Leonard redirected his attention to Harvey as soon as he was finished speaking with the apparition named Euclid.

"You're going to have to wear one of those," Leonard said, waving his head in the general direction of a small shelf containing several colored metal hats. "Just in case."

Harvey was already beginning to dislike this trek already but concluded that he had nothing better to do with his REM hours than take a voyage into the unknown antipodes of the Mind's Eye. He felt rather bold actually. A lone traveler! Boldly going where no man had been before! He smiled at the thought, Stepped forward and bore a bluish, wire-wound Brain Retainer, and found himself wondering if the apparition Euclid also possessed Leonard's prominent ears.

"Have you lost your mind?" Harvey asked.

"That, Harvey, is highly illogical." He unfolded his hands from behind his back and held out a great cortex of purple, beating nerves. "Oh, and by the way, you can call me Mr. Spock."

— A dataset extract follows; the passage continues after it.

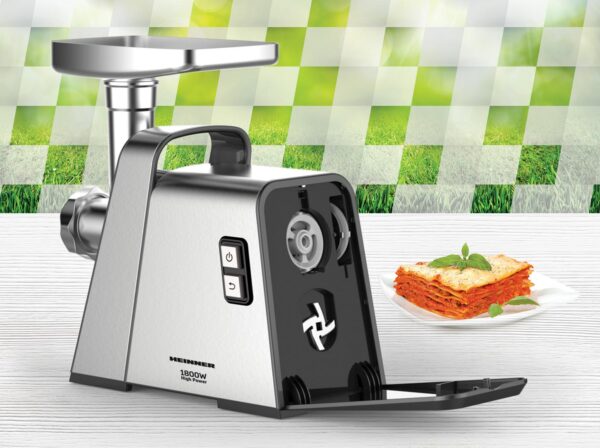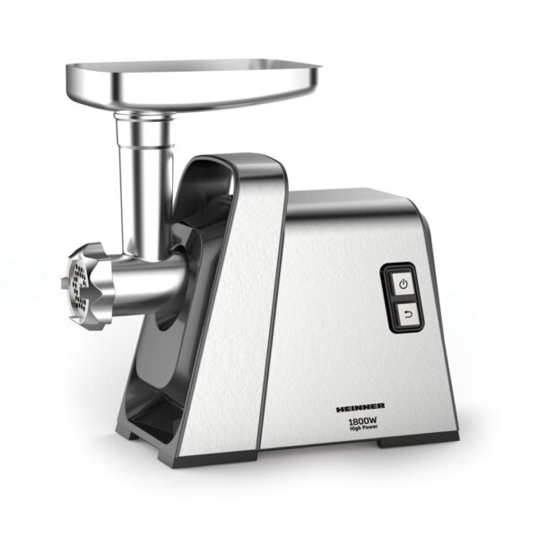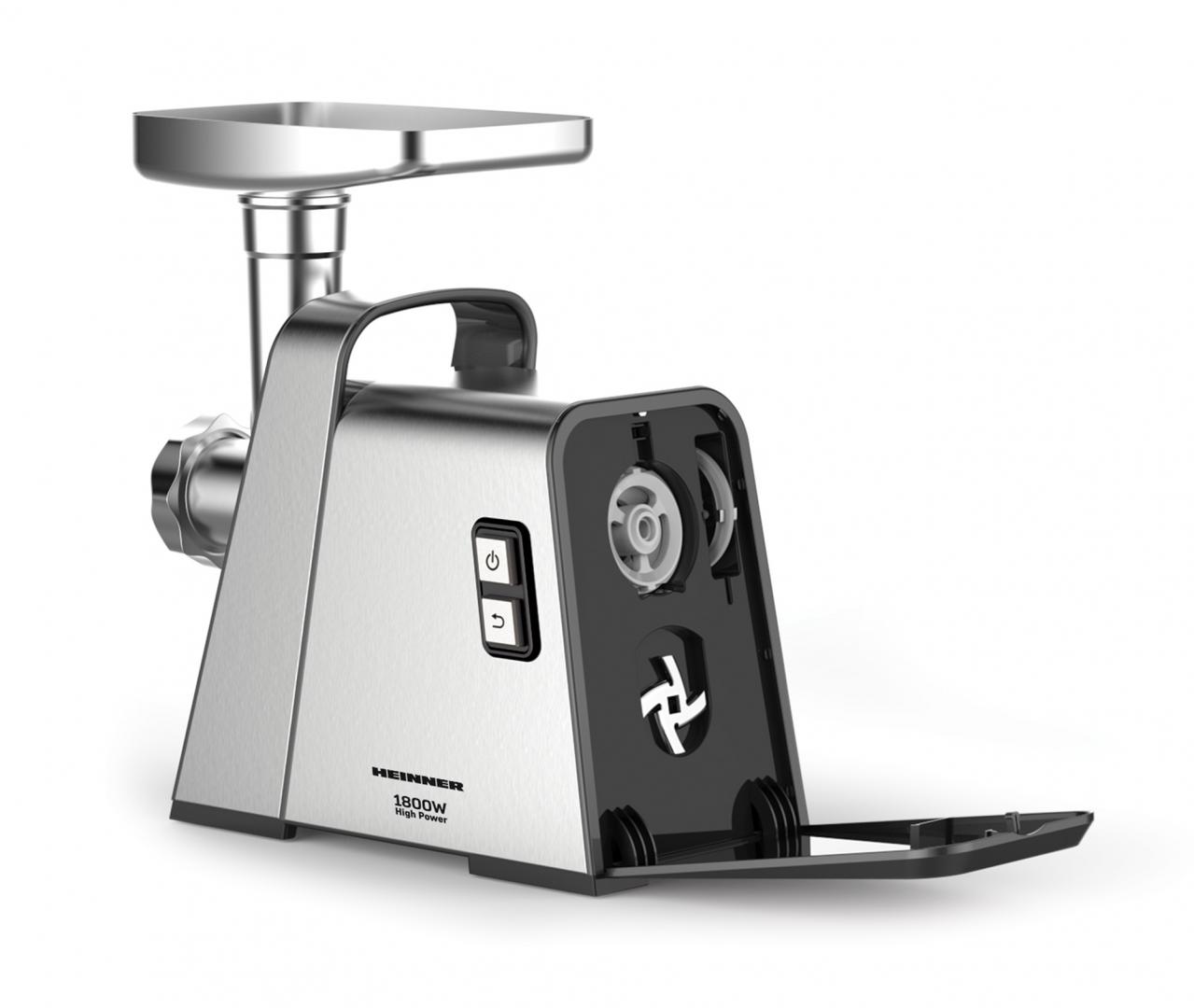 Masina de tocat carne Heinner MG-Y1800X, putere maximă: 1800W, accesoriu pentru roșii, accesoriu pentru cârnați, angrenaje metalice, cuțit din inox, funcție Reverse, 3 site de tăiere, spatiu depozitare accesorii, carcasa de inox cu mâner, capacitate de tocare: 2 kg/min, culoare argintiu
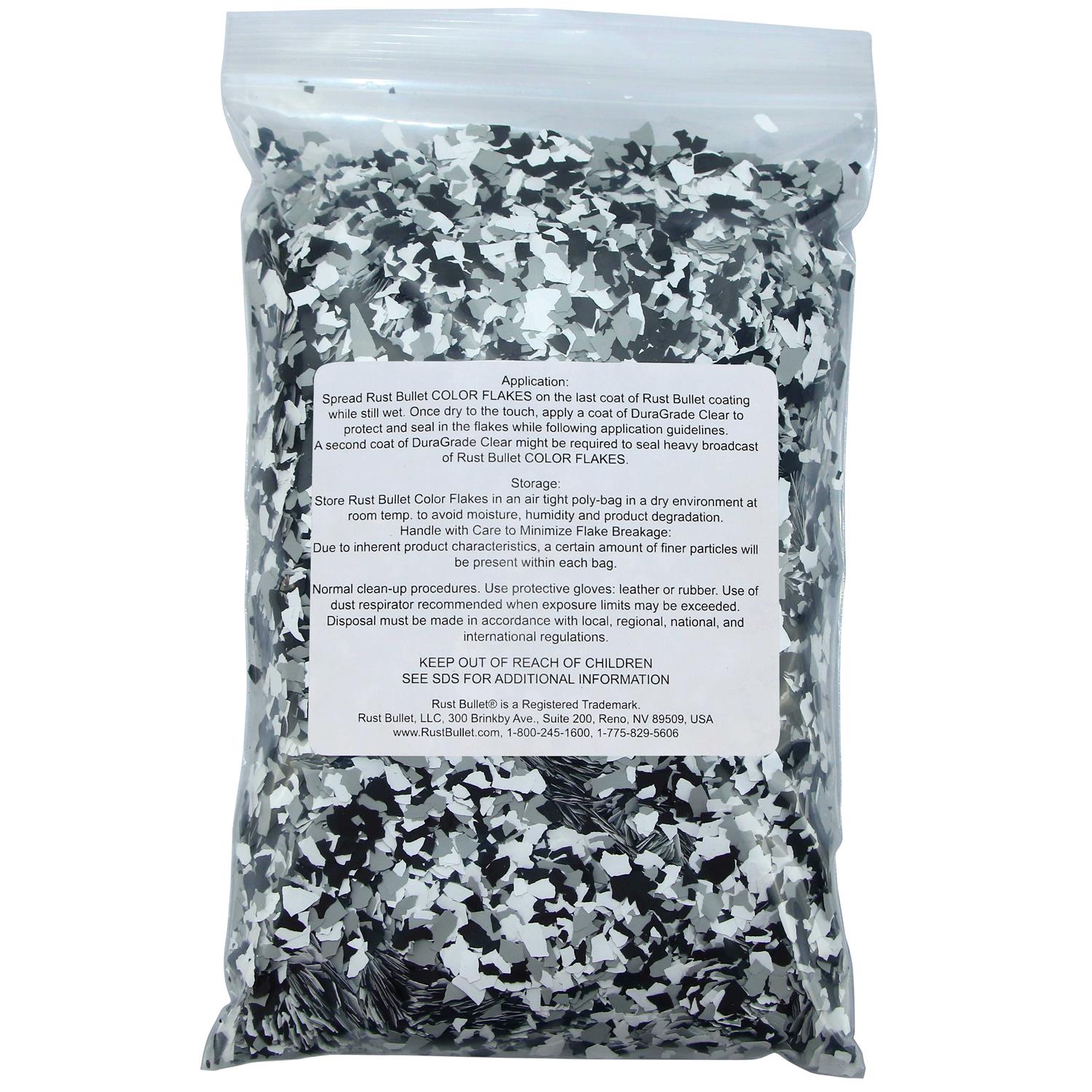 ENHANCE YOUR FLOOR – Enhance your décor by sprucing up your floor! Our colored flake chips for concrete floors take your space to the next level with a perfect finish. Also helps hide dirt and surface imperfections. EASY TO USE – Simply sprinkle on a prepared surface to create a permanent bond and a showroom finish! Use one color or mix and match to blend for a custom look. CONVENIENT SIZE BAGS FOR DESIRED EFFECT – Sold in convenient 1 pound bags. Broadcast Recommendations: Light Broadcast – approx. 1 pound per 250 sq/ft. Medium Broadcast – approx. 2 pounds per 250 sq/ft. Heavy Broadcast – approx. 3 to 4 pounds per 250 sq/ft. MULTIPLE USES – Decorative color flakes are great indoors and outodoors! Use them for your garage, basement, shed, she shed, work room, laundry room, home, patio, warehouse. USA Business – Rust Bullet, LLC was formed February of 2001 in Reno, Nevada, where our Corporate Offices still operate. Rust Bullet Color Flakes are specially formulated paint aggregates used to enhance the aesthetic qualities of Rust Bullet’s Concrete Coatings. This unique product is random in shape, sized within a standardized range and are available in five popular color blends: Midnight Electric Blue Black Marble Desert Sand Autumn Brown Sold in convenient 1 pound bags. Broadcast Recommendations: Light Broadcast – approx. 1 pound per 250 sq/ft Medium Broadcast – approx. 2 pounds per 250 sq/ft Heavy Broadcast – approx. 3 to 4 pounds per 250 sq/ft

Harvey stepped from the Corridor of Consciousness and into the laboratory. The Corridor vanished without a trace and Harvey was left, standing at the perimeter of a great bubble. From the tip of his feet to the far reaches of this vast room, marble tiling lay in perfect settings. The ceiling - vaulted; a respectful tribute to Pi - originated from the floor into a colossal, transparent, semispherical, dome. Within the dome, thousands of odd jellyfish floated this way and that within the room, while a massive lidless eyeball peered down into the laboratory from outside. The Eye had a myriad hyper-textured chords attached to its posterior hemisphere; they jutted out into obscurity - embalmed in a gelatinous goo - around the laboratory. The vista was eerie and Harvey found himself detached, contemplating the overwhelming perception of the eyeball out, looking in. If the floating beasts hadn't partially shrouded the organ, he would have most likely run frantically about in a futile attempt to escape the gaze of this "thing".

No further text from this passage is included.